**THE TASK**
In the records that follow, the lines from the one containing "3月31日凌晨,音乐东说念主" to the one containing "Shorts con tejido", inclusive, are to be given again exactly.

**EXERCISE MATERIALS**
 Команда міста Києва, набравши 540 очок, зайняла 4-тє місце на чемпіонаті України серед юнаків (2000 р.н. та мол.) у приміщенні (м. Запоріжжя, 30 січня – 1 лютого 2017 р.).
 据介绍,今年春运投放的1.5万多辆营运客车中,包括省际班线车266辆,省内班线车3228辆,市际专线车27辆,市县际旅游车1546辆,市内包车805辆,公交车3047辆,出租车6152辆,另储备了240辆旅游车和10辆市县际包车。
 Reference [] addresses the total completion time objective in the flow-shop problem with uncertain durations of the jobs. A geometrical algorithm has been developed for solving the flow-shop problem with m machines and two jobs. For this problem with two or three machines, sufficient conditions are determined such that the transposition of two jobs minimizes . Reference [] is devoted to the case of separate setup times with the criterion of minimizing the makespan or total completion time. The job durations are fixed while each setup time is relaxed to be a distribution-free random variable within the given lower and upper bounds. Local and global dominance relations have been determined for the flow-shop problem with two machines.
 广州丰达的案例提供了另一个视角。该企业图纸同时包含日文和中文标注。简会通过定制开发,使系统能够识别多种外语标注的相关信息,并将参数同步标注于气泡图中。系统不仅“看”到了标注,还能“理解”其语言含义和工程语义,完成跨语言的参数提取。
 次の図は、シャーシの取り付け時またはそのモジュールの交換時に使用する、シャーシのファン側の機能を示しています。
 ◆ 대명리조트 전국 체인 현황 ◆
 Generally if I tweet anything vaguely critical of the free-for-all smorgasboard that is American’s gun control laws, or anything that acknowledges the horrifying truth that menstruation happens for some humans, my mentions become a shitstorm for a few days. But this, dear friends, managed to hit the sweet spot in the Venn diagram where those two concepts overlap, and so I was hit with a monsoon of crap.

---

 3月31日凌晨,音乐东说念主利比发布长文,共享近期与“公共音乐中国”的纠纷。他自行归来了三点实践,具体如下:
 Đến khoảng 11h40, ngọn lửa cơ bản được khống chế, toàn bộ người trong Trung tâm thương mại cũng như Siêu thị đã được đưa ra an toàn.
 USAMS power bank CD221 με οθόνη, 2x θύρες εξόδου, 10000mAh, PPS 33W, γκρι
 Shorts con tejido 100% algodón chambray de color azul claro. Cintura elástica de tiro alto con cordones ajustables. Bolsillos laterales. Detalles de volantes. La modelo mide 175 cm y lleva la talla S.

--

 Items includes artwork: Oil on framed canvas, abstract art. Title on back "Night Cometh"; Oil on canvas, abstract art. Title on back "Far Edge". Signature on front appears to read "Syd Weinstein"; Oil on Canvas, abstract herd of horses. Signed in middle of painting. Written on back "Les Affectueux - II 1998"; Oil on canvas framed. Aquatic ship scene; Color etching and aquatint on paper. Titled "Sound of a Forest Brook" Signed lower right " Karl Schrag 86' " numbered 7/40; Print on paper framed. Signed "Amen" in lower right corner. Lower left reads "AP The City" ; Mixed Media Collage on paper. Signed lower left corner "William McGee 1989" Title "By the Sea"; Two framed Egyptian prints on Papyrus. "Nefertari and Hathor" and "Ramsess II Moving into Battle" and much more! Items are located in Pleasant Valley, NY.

**RESPONSE**
 3月31日凌晨,音乐东说念主利比发布长文,共享近期与“公共音乐中国”的纠纷。他自行归来了三点实践,具体如下:
 Đến khoảng 11h40, ngọn lửa cơ bản được khống chế, toàn bộ người trong Trung tâm thương mại cũng như Siêu thị đã được đưa ra an toàn.
 USAMS power bank CD221 με οθόνη, 2x θύρες εξόδου, 10000mAh, PPS 33W, γκρι
 Shorts con tejido 100% algodón chambray de color azul claro. Cintura elástica de tiro alto con cordones ajustables. Bolsillos laterales. Detalles de volantes. La modelo mide 175 cm y lleva la talla S.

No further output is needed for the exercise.